• _ASSIGNED TASK_:
Every line of the listing below from the one with "Étape 3. Vous" up to and including the one with "Seisontatuki ja jalkatapit, XJ6N" should be retyped exactly, and nothing else; pictures are not part of the copy.

• _INPUT_:
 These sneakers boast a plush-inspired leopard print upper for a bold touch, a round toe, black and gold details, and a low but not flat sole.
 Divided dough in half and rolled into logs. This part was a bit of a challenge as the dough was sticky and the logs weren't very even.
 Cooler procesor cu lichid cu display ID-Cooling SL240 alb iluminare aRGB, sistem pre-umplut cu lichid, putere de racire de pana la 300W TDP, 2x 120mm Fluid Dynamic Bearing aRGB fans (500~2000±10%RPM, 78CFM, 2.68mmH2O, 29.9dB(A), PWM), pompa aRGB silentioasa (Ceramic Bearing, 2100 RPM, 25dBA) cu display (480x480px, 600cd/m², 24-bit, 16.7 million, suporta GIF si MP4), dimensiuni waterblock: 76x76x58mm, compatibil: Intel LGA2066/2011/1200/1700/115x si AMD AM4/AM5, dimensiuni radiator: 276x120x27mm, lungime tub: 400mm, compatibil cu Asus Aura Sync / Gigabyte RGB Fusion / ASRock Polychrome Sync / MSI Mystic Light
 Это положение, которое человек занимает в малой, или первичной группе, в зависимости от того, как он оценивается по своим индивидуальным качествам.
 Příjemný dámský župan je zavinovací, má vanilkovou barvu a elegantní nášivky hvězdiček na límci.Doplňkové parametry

...

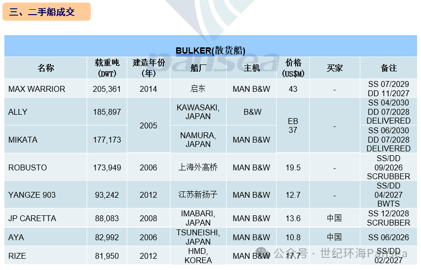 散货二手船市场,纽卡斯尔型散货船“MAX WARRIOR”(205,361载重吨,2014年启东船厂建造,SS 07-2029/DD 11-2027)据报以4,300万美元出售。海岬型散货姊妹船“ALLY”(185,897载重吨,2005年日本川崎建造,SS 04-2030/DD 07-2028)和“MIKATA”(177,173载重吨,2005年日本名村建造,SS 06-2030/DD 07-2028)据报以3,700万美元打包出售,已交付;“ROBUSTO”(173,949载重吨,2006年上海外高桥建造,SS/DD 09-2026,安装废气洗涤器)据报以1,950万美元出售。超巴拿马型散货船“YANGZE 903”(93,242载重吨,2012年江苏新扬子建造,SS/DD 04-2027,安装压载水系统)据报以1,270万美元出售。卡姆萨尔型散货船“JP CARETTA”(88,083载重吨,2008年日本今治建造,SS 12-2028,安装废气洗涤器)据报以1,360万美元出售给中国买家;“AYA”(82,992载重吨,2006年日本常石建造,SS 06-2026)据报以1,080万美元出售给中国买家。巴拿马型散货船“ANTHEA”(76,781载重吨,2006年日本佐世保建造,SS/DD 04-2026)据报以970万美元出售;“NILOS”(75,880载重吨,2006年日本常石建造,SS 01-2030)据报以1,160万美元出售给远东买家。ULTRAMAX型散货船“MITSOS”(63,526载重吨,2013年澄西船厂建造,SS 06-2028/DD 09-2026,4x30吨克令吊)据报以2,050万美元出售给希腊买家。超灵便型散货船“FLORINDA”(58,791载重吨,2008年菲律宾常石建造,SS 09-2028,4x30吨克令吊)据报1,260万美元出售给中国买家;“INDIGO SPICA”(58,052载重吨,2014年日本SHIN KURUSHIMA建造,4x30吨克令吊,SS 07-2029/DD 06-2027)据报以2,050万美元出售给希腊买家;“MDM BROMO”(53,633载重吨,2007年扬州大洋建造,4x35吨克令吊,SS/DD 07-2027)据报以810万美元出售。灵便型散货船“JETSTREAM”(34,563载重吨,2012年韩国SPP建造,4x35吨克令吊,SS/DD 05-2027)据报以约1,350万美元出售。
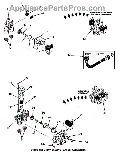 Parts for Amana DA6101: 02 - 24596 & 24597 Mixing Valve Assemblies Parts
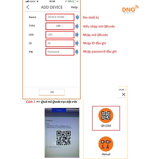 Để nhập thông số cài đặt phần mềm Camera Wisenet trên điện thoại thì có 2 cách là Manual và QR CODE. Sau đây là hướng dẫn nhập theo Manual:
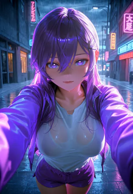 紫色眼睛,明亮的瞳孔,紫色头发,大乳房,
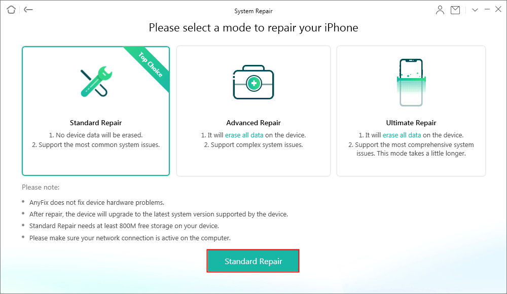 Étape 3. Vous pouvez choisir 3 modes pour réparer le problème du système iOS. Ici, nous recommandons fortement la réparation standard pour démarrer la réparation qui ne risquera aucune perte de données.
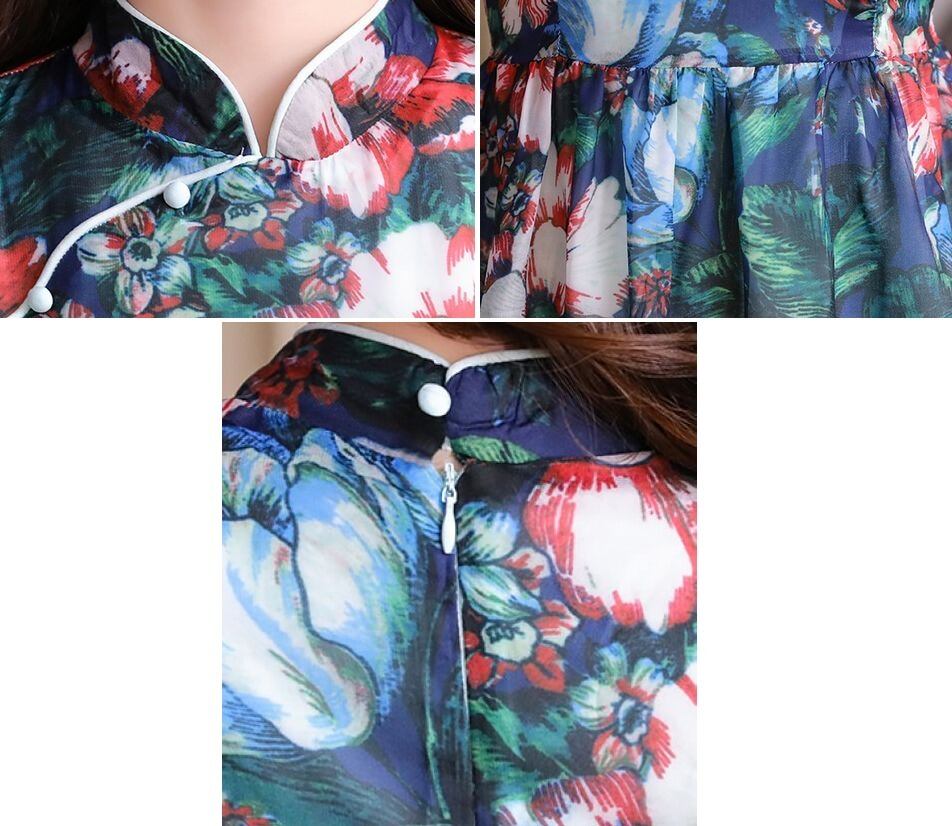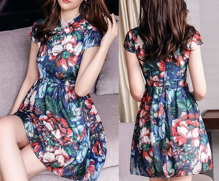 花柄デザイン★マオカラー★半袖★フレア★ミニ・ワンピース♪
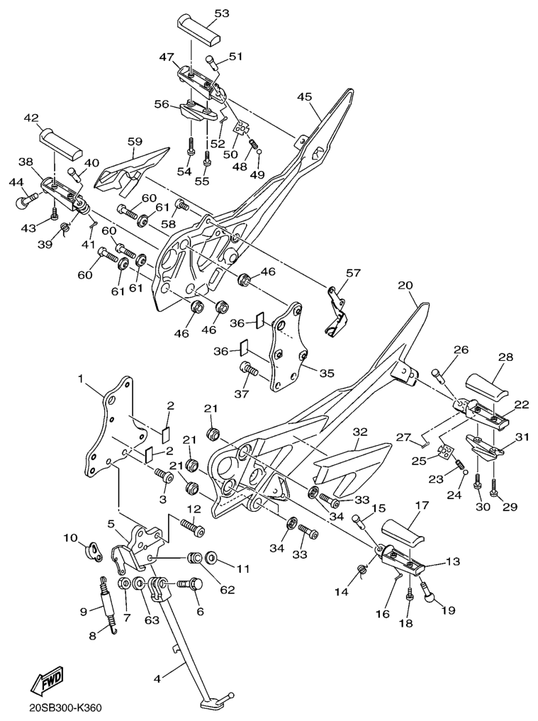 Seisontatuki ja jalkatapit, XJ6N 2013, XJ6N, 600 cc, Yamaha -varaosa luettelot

--

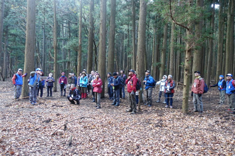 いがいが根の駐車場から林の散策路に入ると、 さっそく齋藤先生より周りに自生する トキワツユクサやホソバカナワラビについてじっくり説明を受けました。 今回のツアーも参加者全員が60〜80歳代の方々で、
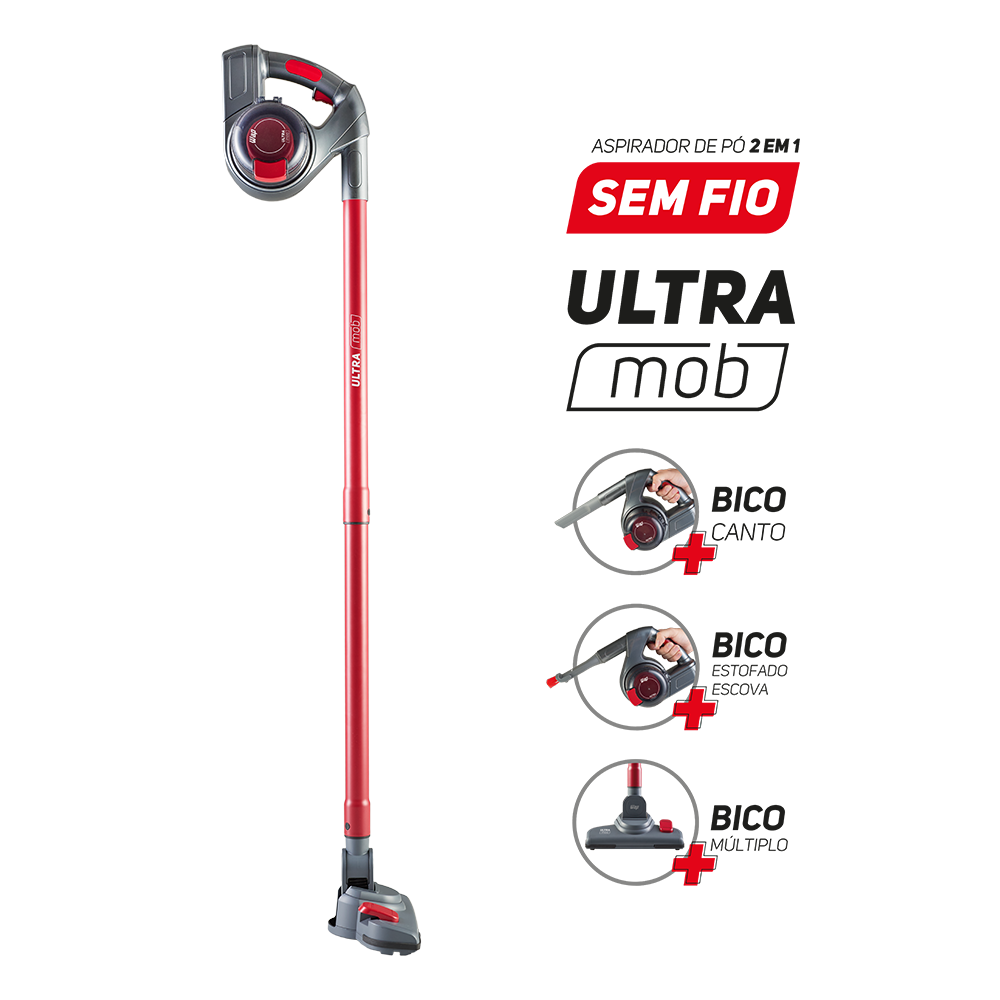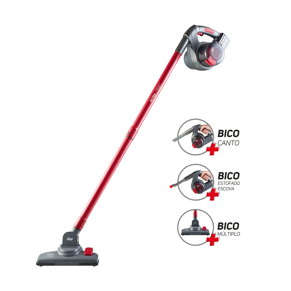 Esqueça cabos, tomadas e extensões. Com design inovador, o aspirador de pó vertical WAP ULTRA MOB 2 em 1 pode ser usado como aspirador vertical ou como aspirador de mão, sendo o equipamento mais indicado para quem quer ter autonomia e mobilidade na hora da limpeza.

• _REPLY_:
 Étape 3. Vous pouvez choisir 3 modes pour réparer le problème du système iOS. Ici, nous recommandons fortement la réparation standard pour démarrer la réparation qui ne risquera aucune perte de données.
 花柄デザイン★マオカラー★半袖★フレア★ミニ・ワンピース♪
 Seisontatuki ja jalkatapit, XJ6N 2013, XJ6N, 600 cc, Yamaha -varaosa luettelot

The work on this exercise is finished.